The difference for Console cars Versus Non-Console is the Boot and Retainer.


----------



## geeteeohguy (Feb 2, 2008)

GTOJUNIOR said:


> The only STICK variations I'm aware of relate to seats. Bench Vs Bucket.
> The difference for Console cars Versus Non-Console is the Boot and Retainer.


This^^^. A correct '65 GTO shifter is a fairly straight and tall unit, and is designed (and used) for both applications. Only a rare bench car with no console has a different more aggressively curved shifter.


----------



## wishihaditback (Jun 9, 2011)

Since we're on the subject, my '65 4speed built w/o a console. I'm looking to add a console and see on ebay two types of the GM shifter tunnel pan (that screws to the hump). Pictures are attached of the two styles. The one in my car is the type with the smaller round hole. If i'm going console, do i need the other style that has more opening room, or does it not make a difference? Thanks for any input.


----------



## GTOJUNIOR (Aug 7, 2011)

65-66 With console this is the tunnel you need;
https://www.ebay.com/i/132675284240?chn=ps


----------



## wishihaditback (Jun 9, 2011)

Thanks for the pics and the ebay link. I'm guessing then that the tunnel pictured is the same for a non-console car. Thanks again.


----------



## geeteeohguy (Feb 2, 2008)

The shifter porch on the right with the small hole is a Pontiac-type part. The one with the big hole on the right is not part of any Pontiac I've ever seen. Not even close.


----------



## wishihaditback (Jun 9, 2011)

geeteeohguy said:


> The shifter porch on the right with the small hole is a Pontiac-type part. The one with the big hole on the right is not part of any Pontiac I've ever seen. Not even close.
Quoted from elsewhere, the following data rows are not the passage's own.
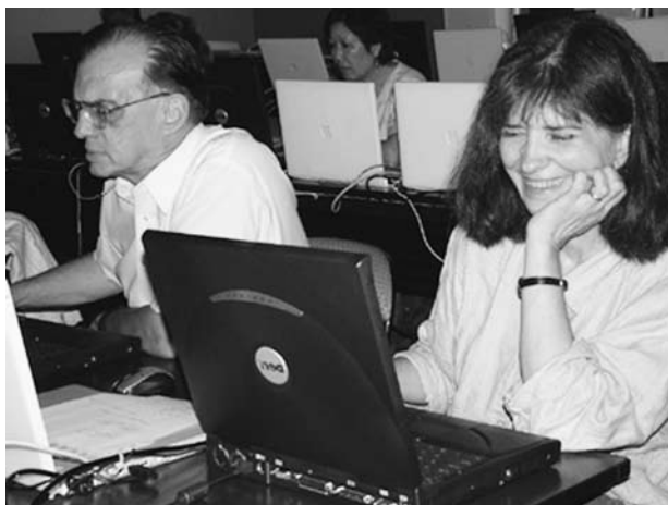
Figure 17. K-12 teachers hone their computer skills during a training workshop preparing them for the distance learning sessions we presented on-line during Ancient Mesopotamia: Meeting Chicago Public School Mandates, a professional development project supported by the Lloyd A. Fry Foundation.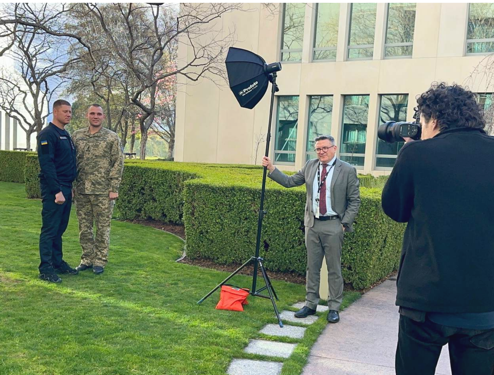
Sydney Morning Herald interview

The advocacy tour gained significant media coverage across national TV, radio, print and online, amplifying Ukraine's voice in Australia. This strong media presence ensured Ukraine's military and humanitarian needs remained front-of-mind for the Australian public, politicians, and decision-makers.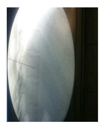
Fig (2) in lateral view showing needle tip at junction of anterior 1\3 and posterior 2\3 at T10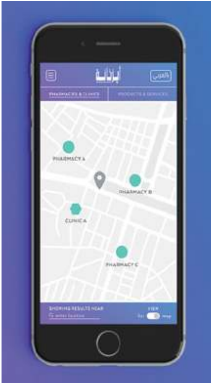
Figure 6: Appzakhana, location map. Valerie Arif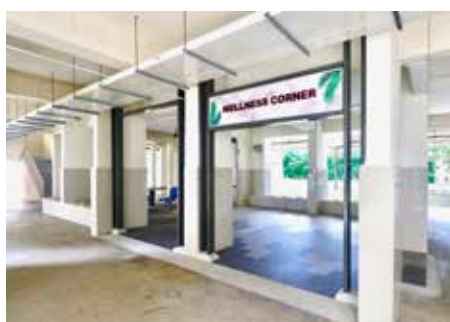
New Senior Citizens Corner - Block 145, Tampines Street 12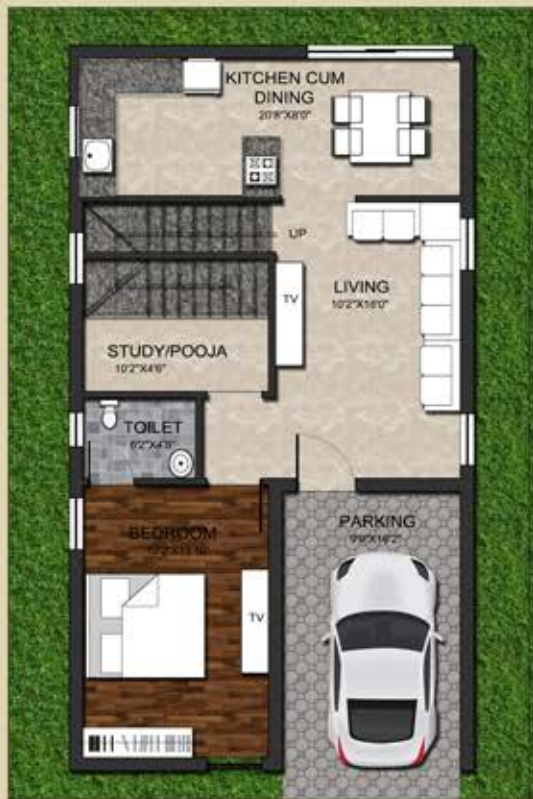
SOUTH - Ground Floor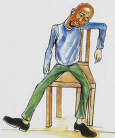
Excessive tiredness and drowsiness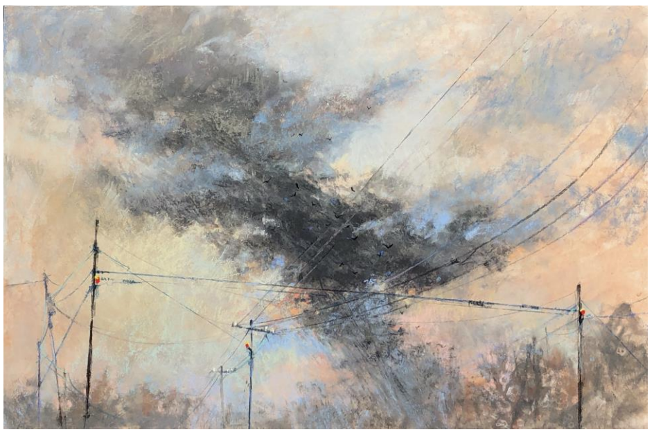
Three On A Match

link: https://www.patreon.com/terrilynn travelingartista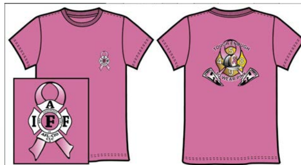
T-shirts available for $15/each from the Fire Department.

If you would like to make a donation, we encourage you to give online. It's easy! Just go to passionatelypink.org and click on "Find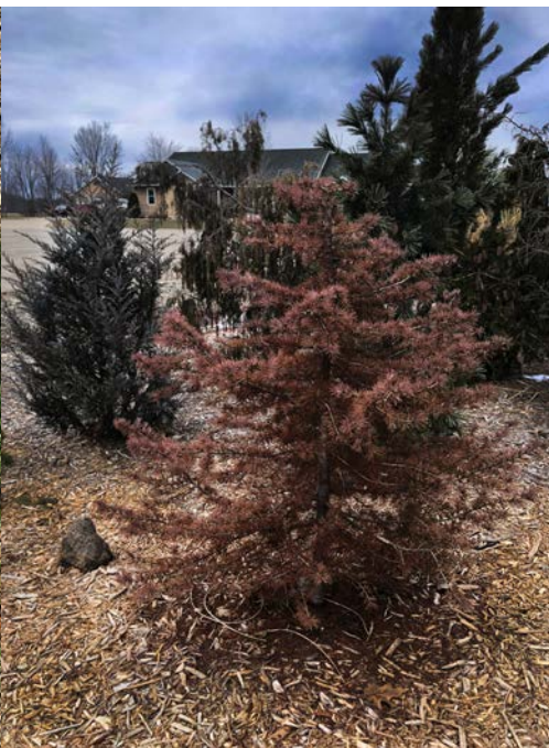
'Bush's Electra' moribund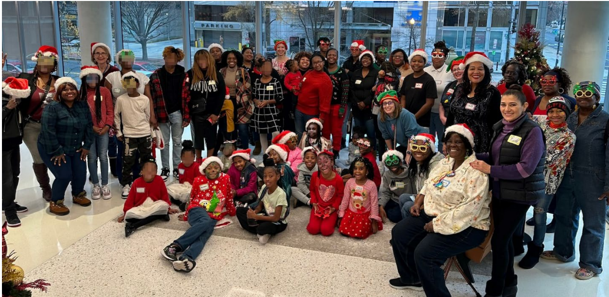
Relative Caregiver Community Board Christmas Party 2023

how to address them. The Community Board also welcomes outside speakers, including experts in special education services and other topics of interest to the caregivers. Additionally, two members of the organization's corporate Board of Directors have lived experience as part of kinship families.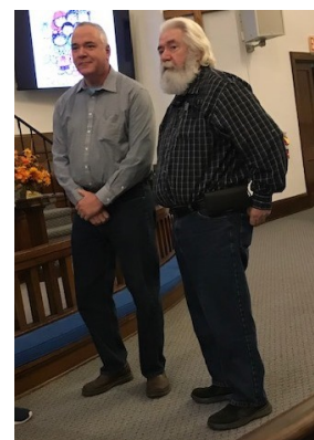
The mystery men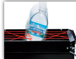
iVend® Guaranteed Delivery System Keeps customers satisfied and reduces service calls for misloaded product.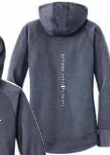
True Navy Heather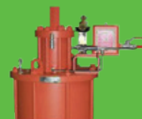
Hydraulic Manual Override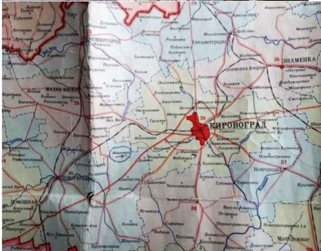
Ivanovka (is circled) – between Новоукраинка (left) + Кировоград (right)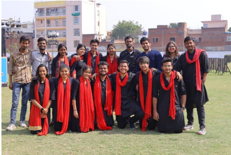
Nukkad Natak Team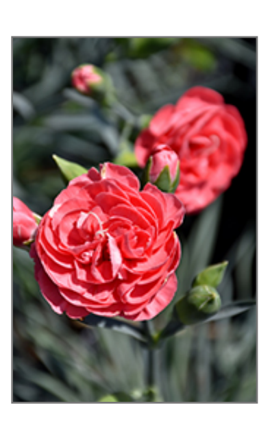
Devon Cottage Rosie Cheeks Pinks flowers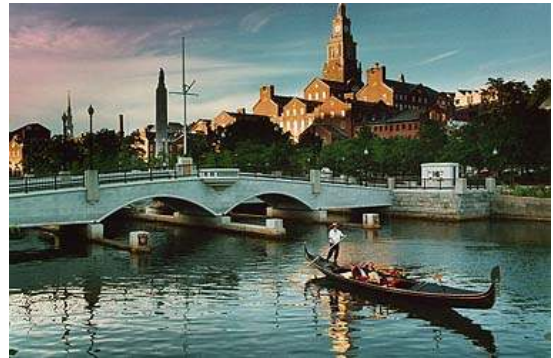
Revitalized Providence waterfront

An employer who participates in the Bonus Program, which provides job training for former public assistance recipients, can qualify for a $250 tax credit per participant. A certificate of eligibility from the RI Department of Human Services is required.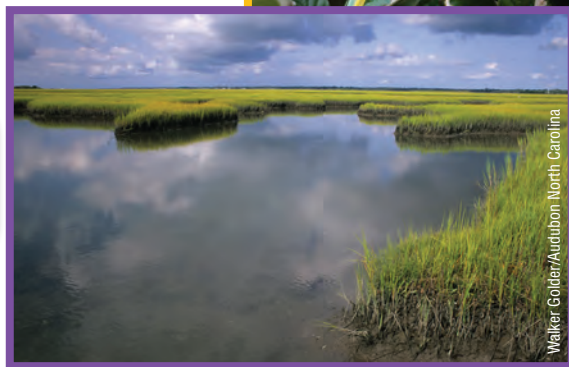
Walker Golder/Audubon North Carolina

Bonus: Use recycled paper to make a nature journal. Draw or describe the animals you see this week. Which do you see often? Which do you see sometimes? Why?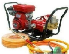
HTP PUMP WITH DEISEL ENGINE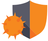
Antivirus & Anti-malware

Avast delivers easily managed cloud-based and on-premise business security solutions for PCs, Macs, and servers. We protect more than 230 million endpoints globally, which provides your organization with the most-trusted security in the world.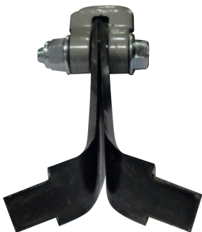
Patented ESM-Y blade pair

What professionals like about Rapid machines is their quality, efficiency, sturdiness and durability. The low maintenance and service costs incurred over many hours of operation mean that Rapid Flail Mowers are also a force to be reckoned with in terms of value for money.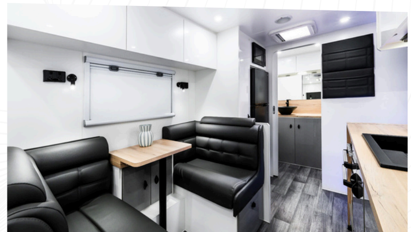
COUPLES VAN REAR DOOR ENTRY

Thanks for your input. I kinda figured the round hole might be the correct one. The other oblong one was on the ebay and stated it also was for a '65 goat. Always best to ask! Thanks again.


----------



## varmit86 (Nov 7, 2009)

If anyone is interested i have a muncie 4 tranmission low mile never been apart with bell housing, clutch and pressure plate, shifter all of it out of my early 66 GTO. Pricey but great virgin parts with correct numbers.


----------